The Market Accentuates the Positives - 03/02/10

I feel more comfortable with shorting strength than buying strength.

 

As a consequence of the above expectations (importantly influenced by looming economic challenges in the last half of this year), I feel more comfortable in shorting strength as we move toward the upper end of the trading range, as contrasted to the many market participants (both on RealMoney and elsewhere) who appear to be at ease with buying strength.

You've got to ac-cent-tchu-ate the positive
Eliminate the negative
And latch on to the affirmative
Don't mess with Mister In-Between.

-- "Ac-Cent-Tchu-Ate the Positive," Johnny Mercer

The stock market is clearly disregarding (or putting on the back burner) the secular headwinds and nontraditional influences in favor of the near-term cyclical recovery in the world economies.

We start today's trading with the S&P 500 about flat for the year, which was the No. 1 surprise in December's surprises for 2010.

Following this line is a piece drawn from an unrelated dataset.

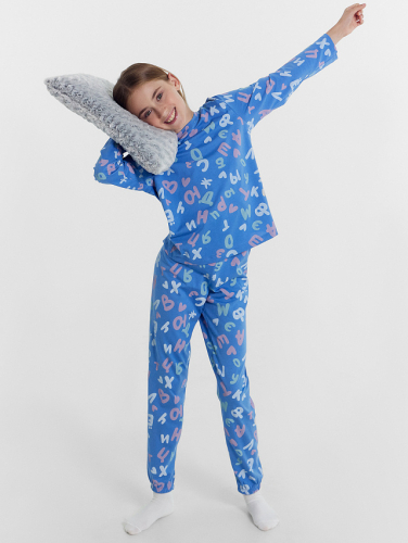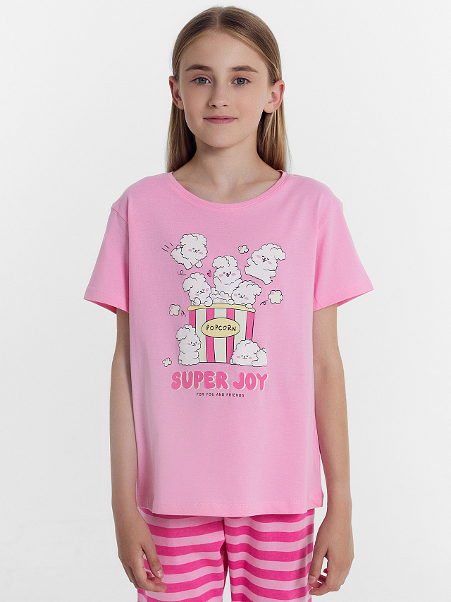 Уютная и красивая пижама для девочек. Выполнена из хлопковой трикотажной кулирки. В комплект входят футболка и брюки. Футболка с круглым вырезом, короткими рукавами. Свободный силуэт и классическая длина обеспечивают комфорт. Брюки длинные, слегка заужены к низу, с тесьмой в поясе. Комфортно и очень красиво!

As I wrote in "Raindrops Keep Falling on Our Heads," my baseline expectations for the S&P 500's performance for 2010 remain unchanged (and I remain less optimistic than consensus):

  • In 2010, markets will have a limited memory from day to day, which can be frustrating for long-term investors but a great backdrop for opportunistic traders who are willing to buy the dips and sell the rips and for investors willing to sell premium.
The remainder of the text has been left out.